_Exercise objective_:
Nothing but text lines should be duplicated: start with the first line of the listing below and stop after the line holding "Die komfortable ca.", omitting pictures.

** Supplied records follows **

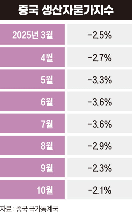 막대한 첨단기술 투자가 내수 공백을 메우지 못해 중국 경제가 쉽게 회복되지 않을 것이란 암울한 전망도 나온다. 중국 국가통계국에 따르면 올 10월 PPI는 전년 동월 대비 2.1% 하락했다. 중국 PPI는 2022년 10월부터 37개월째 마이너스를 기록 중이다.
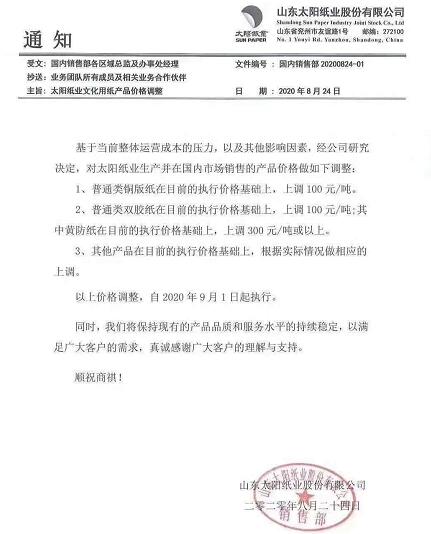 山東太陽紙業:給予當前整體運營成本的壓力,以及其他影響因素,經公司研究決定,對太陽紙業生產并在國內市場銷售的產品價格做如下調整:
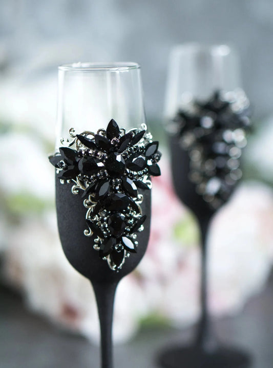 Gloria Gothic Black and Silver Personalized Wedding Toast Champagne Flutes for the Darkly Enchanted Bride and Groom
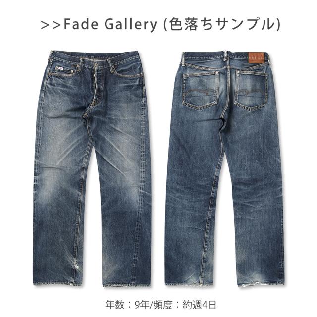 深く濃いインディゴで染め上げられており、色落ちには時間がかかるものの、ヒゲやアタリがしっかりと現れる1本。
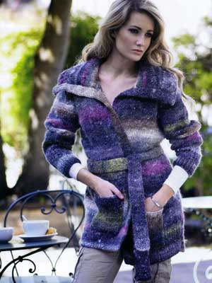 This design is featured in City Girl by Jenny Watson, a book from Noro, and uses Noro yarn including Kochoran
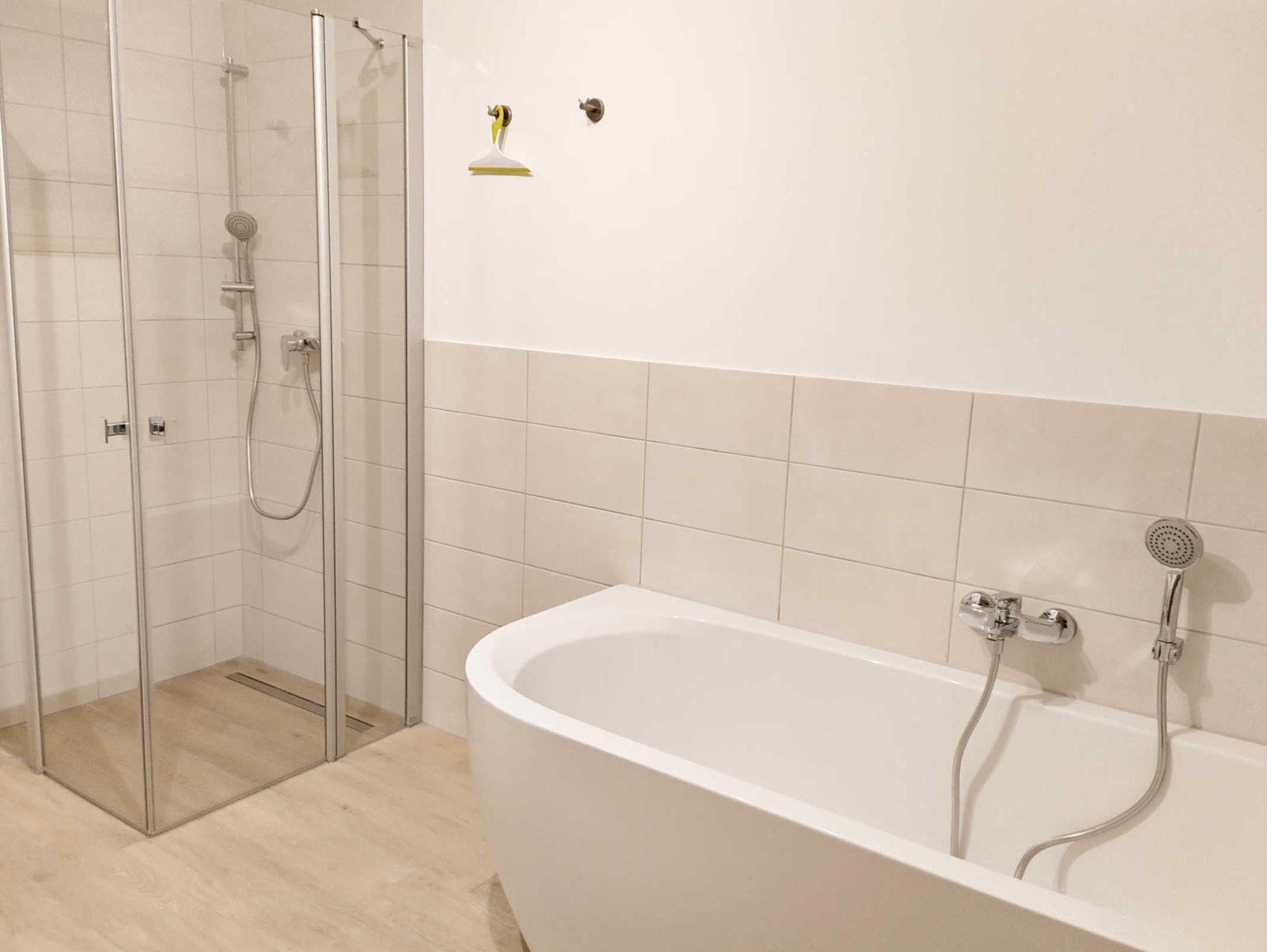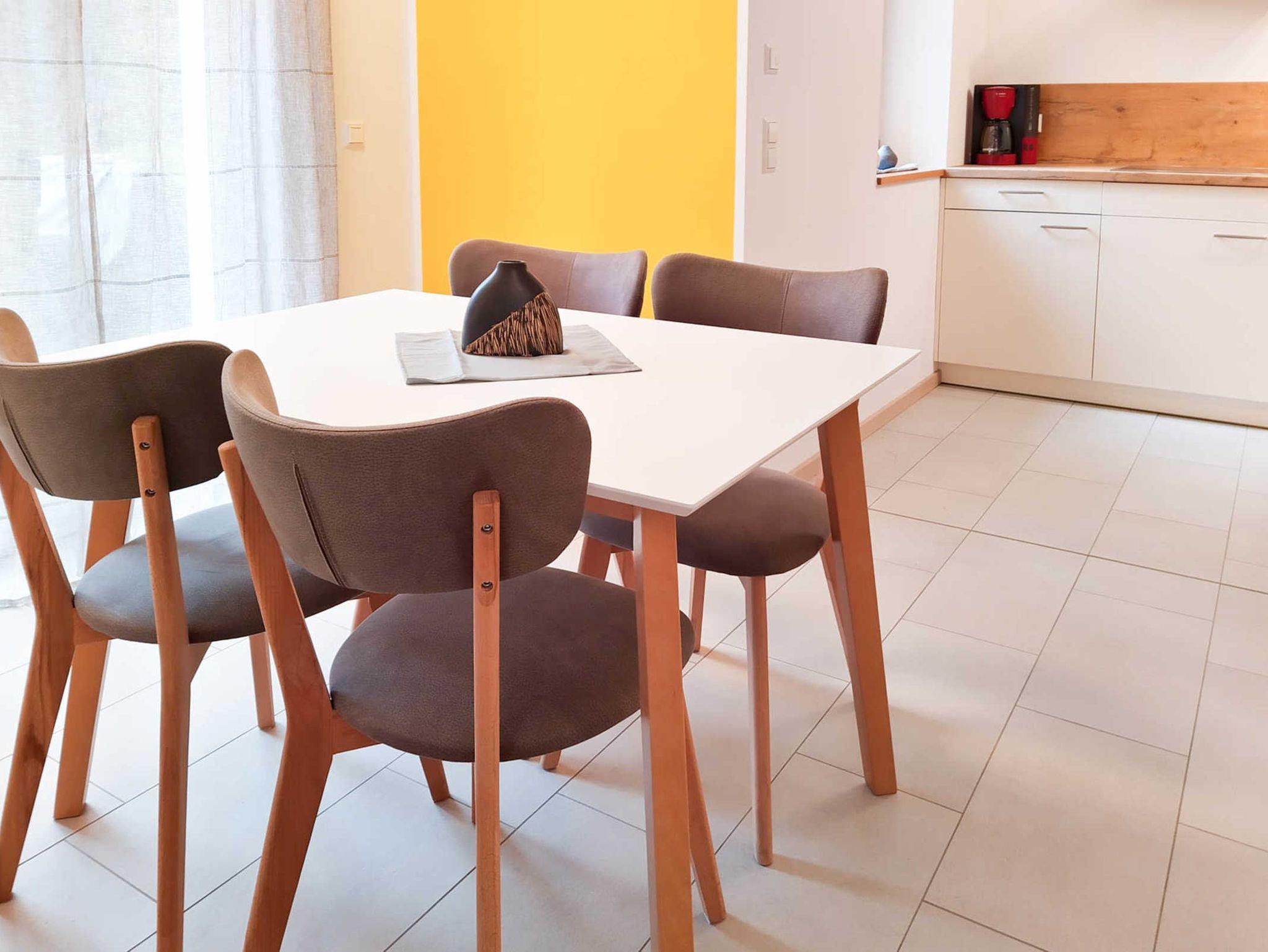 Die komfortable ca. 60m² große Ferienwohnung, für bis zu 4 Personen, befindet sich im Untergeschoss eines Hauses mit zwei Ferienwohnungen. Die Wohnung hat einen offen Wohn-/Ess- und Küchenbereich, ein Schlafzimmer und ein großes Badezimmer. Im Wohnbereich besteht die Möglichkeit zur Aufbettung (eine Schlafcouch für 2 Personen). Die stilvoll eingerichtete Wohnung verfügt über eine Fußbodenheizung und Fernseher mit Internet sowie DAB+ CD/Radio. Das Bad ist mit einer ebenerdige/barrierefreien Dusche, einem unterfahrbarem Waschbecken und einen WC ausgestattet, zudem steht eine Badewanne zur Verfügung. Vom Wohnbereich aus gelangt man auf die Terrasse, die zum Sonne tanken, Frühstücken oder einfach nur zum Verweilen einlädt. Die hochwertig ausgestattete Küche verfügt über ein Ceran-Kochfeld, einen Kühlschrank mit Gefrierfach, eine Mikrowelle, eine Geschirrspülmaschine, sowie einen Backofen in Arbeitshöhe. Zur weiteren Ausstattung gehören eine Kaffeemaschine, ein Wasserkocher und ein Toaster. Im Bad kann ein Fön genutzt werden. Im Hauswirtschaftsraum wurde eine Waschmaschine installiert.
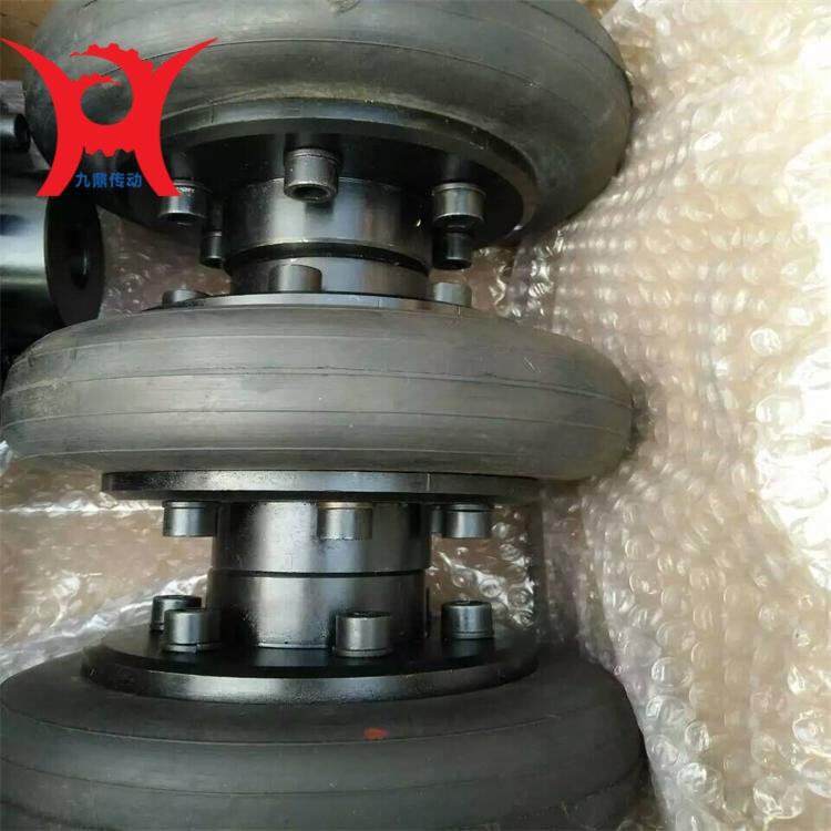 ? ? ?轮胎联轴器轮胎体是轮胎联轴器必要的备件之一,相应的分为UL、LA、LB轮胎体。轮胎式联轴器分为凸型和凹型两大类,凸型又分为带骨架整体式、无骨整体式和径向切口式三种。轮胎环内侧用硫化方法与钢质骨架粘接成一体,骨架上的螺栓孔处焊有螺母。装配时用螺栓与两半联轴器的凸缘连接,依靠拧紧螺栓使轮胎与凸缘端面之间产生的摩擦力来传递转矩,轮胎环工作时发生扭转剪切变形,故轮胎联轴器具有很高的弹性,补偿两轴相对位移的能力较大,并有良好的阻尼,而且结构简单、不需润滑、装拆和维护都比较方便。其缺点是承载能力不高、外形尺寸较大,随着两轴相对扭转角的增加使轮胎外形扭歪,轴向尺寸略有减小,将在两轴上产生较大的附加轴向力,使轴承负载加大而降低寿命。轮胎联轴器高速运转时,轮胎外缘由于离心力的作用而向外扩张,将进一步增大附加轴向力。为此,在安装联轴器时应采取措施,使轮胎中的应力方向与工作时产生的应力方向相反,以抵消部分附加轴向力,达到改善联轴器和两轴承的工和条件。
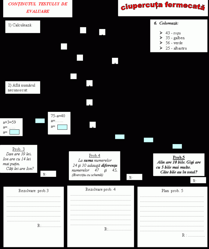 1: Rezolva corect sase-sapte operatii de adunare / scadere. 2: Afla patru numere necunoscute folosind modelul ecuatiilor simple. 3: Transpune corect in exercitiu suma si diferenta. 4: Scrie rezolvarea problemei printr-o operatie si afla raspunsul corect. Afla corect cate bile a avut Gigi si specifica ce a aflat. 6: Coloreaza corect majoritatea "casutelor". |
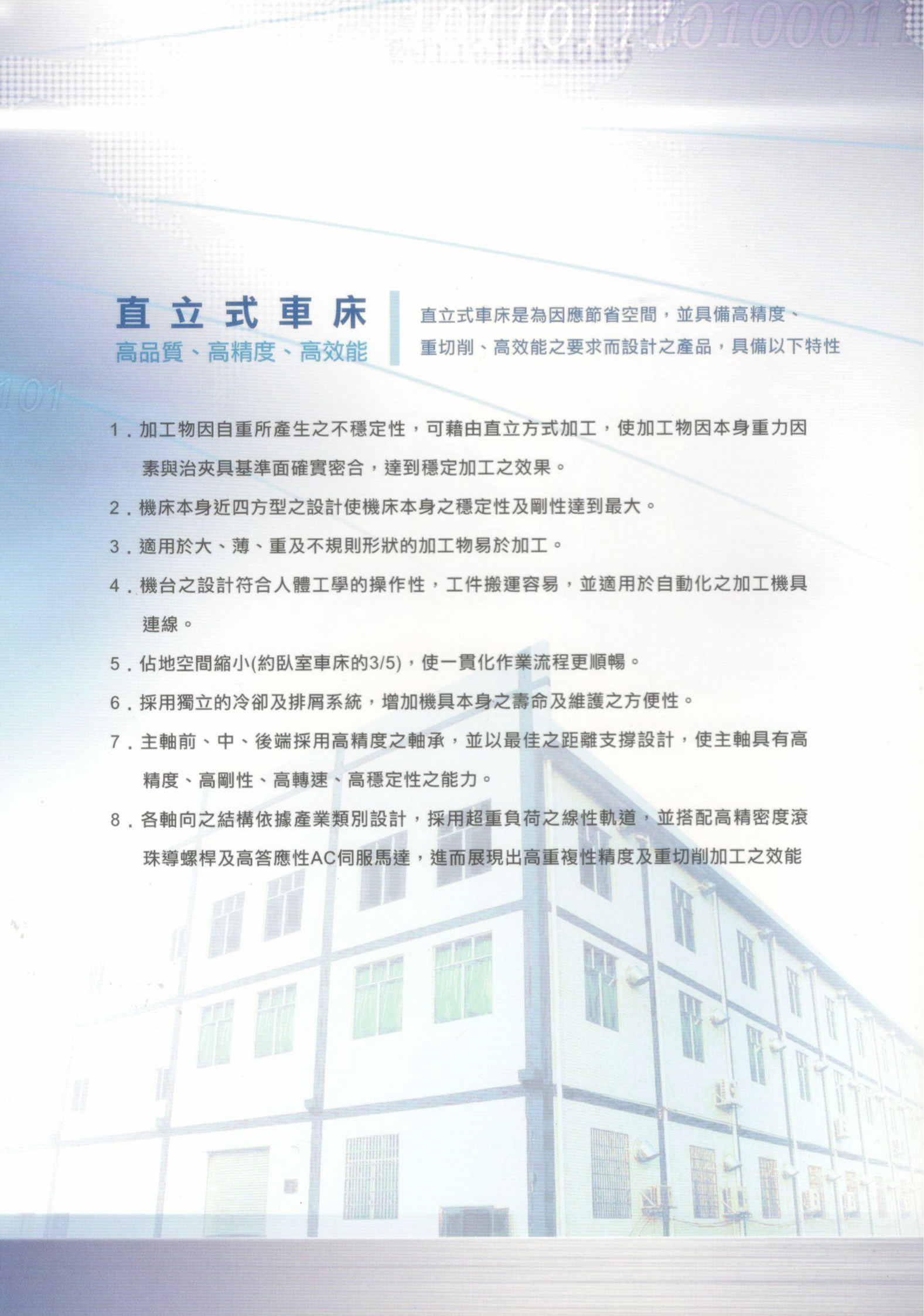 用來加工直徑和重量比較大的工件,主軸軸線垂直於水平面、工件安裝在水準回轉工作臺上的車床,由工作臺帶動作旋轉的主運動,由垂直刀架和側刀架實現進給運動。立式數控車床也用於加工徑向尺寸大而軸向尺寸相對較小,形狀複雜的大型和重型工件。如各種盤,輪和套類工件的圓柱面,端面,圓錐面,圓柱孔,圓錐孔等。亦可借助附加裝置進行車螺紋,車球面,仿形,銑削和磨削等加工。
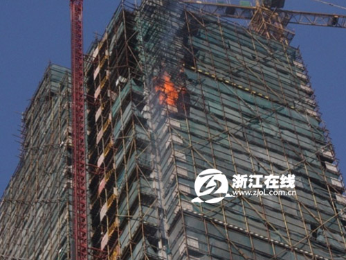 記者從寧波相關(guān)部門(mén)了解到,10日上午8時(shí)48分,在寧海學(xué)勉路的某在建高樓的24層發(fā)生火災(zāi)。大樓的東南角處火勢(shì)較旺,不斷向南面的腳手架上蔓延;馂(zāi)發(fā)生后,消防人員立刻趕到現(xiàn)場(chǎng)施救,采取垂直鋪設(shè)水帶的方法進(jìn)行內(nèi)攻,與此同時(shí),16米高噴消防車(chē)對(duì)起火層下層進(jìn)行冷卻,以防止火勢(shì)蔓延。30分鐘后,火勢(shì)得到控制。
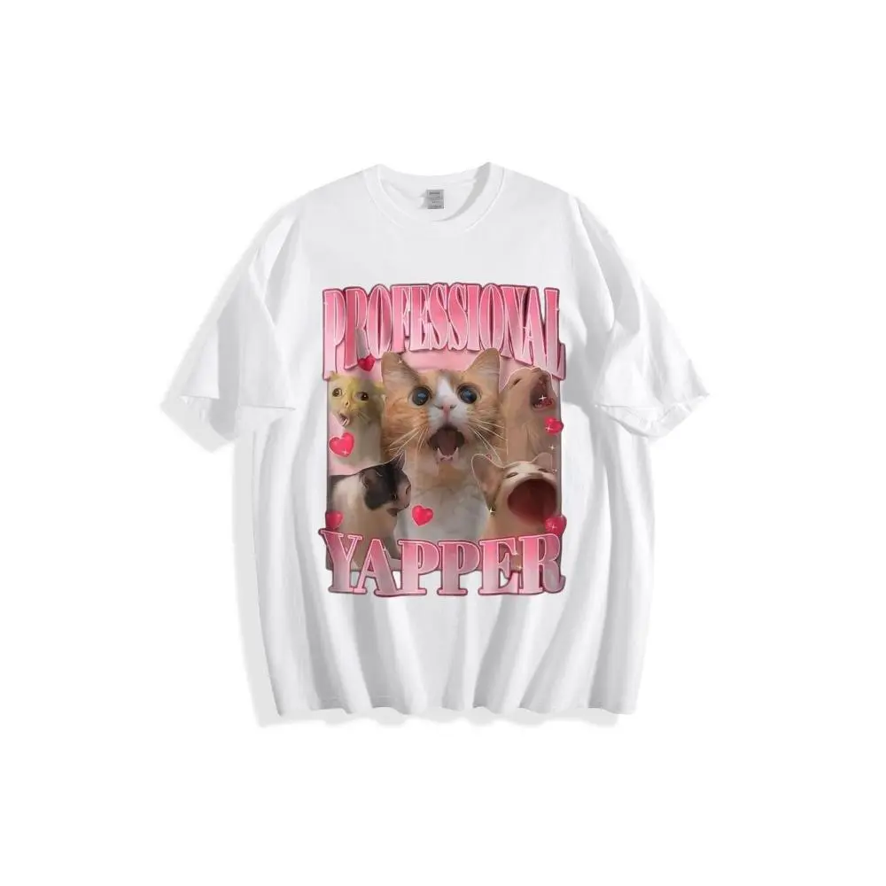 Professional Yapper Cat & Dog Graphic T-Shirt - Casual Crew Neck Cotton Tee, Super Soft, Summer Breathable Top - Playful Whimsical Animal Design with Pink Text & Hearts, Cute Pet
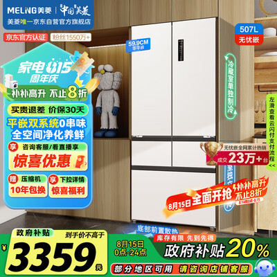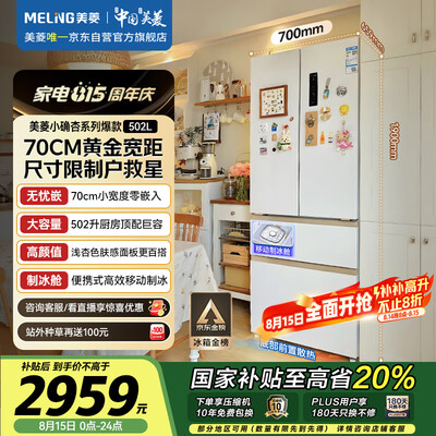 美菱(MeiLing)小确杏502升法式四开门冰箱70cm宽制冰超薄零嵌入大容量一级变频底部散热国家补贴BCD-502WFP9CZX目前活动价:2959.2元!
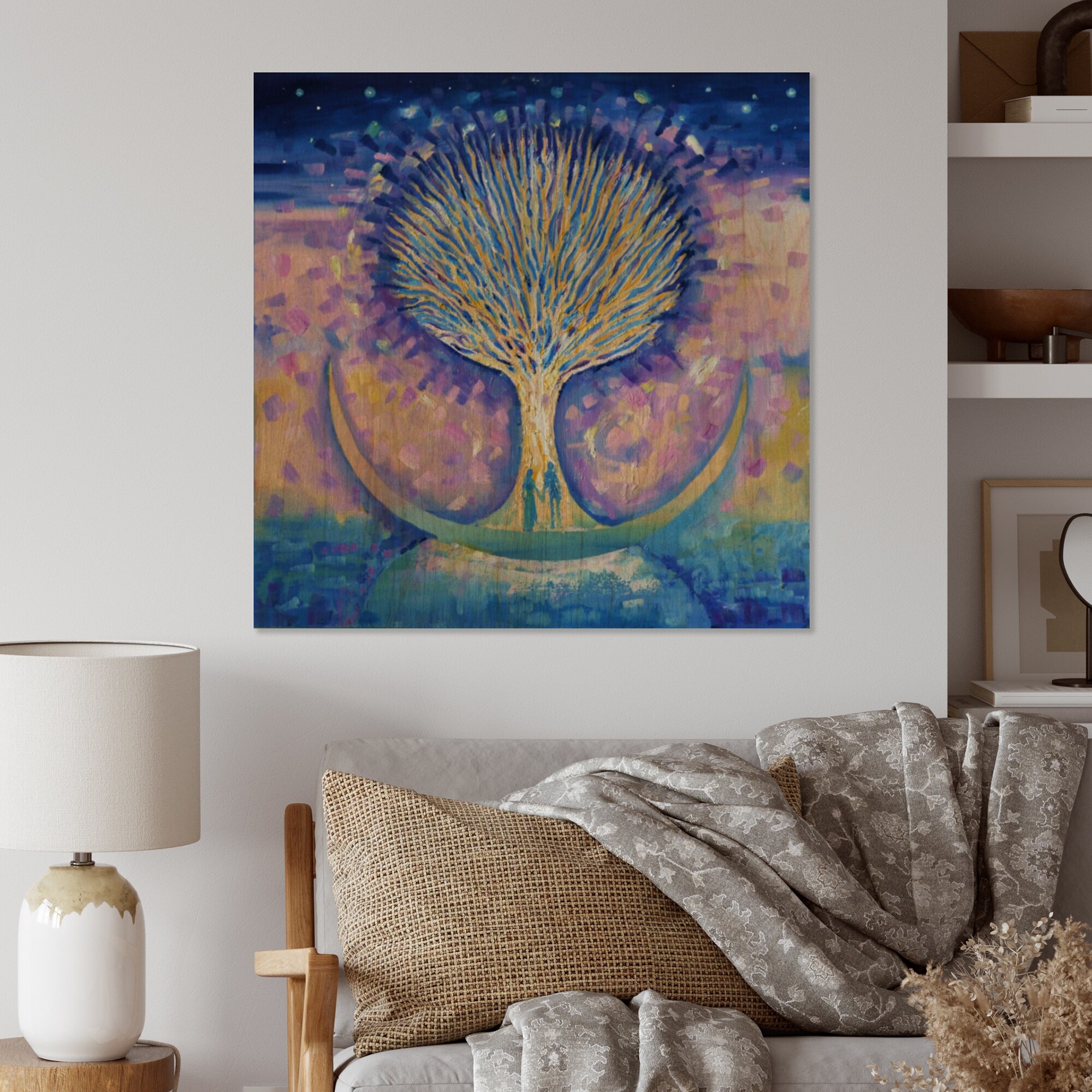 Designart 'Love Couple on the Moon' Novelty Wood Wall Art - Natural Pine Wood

** End of Supplied records **

_Response area_:
 막대한 첨단기술 투자가 내수 공백을 메우지 못해 중국 경제가 쉽게 회복되지 않을 것이란 암울한 전망도 나온다. 중국 국가통계국에 따르면 올 10월 PPI는 전년 동월 대비 2.1% 하락했다. 중국 PPI는 2022년 10월부터 37개월째 마이너스를 기록 중이다.
 山東太陽紙業:給予當前整體運營成本的壓力,以及其他影響因素,經公司研究決定,對太陽紙業生產并在國內市場銷售的產品價格做如下調整:
 Gloria Gothic Black and Silver Personalized Wedding Toast Champagne Flutes for the Darkly Enchanted Bride and Groom
 深く濃いインディゴで染め上げられており、色落ちには時間がかかるものの、ヒゲやアタリがしっかりと現れる1本。
 This design is featured in City Girl by Jenny Watson, a book from Noro, and uses Noro yarn including Kochoran
 Die komfortable ca. 60m² große Ferienwohnung, für bis zu 4 Personen, befindet sich im Untergeschoss eines Hauses mit zwei Ferienwohnungen. Die Wohnung hat einen offen Wohn-/Ess- und Küchenbereich, ein Schlafzimmer und ein großes Badezimmer. Im Wohnbereich besteht die Möglichkeit zur Aufbettung (eine Schlafcouch für 2 Personen). Die stilvoll eingerichtete Wohnung verfügt über eine Fußbodenheizung und Fernseher mit Internet sowie DAB+ CD/Radio. Das Bad ist mit einer ebenerdige/barrierefreien Dusche, einem unterfahrbarem Waschbecken und einen WC ausgestattet, zudem steht eine Badewanne zur Verfügung. Vom Wohnbereich aus gelangt man auf die Terrasse, die zum Sonne tanken, Frühstücken oder einfach nur zum Verweilen einlädt. Die hochwertig ausgestattete Küche verfügt über ein Ceran-Kochfeld, einen Kühlschrank mit Gefrierfach, eine Mikrowelle, eine Geschirrspülmaschine, sowie einen Backofen in Arbeitshöhe. Zur weiteren Ausstattung gehören eine Kaffeemaschine, ein Wasserkocher und ein Toaster. Im Bad kann ein Fön genutzt werden. Im Hauswirtschaftsraum wurde eine Waschmaschine installiert.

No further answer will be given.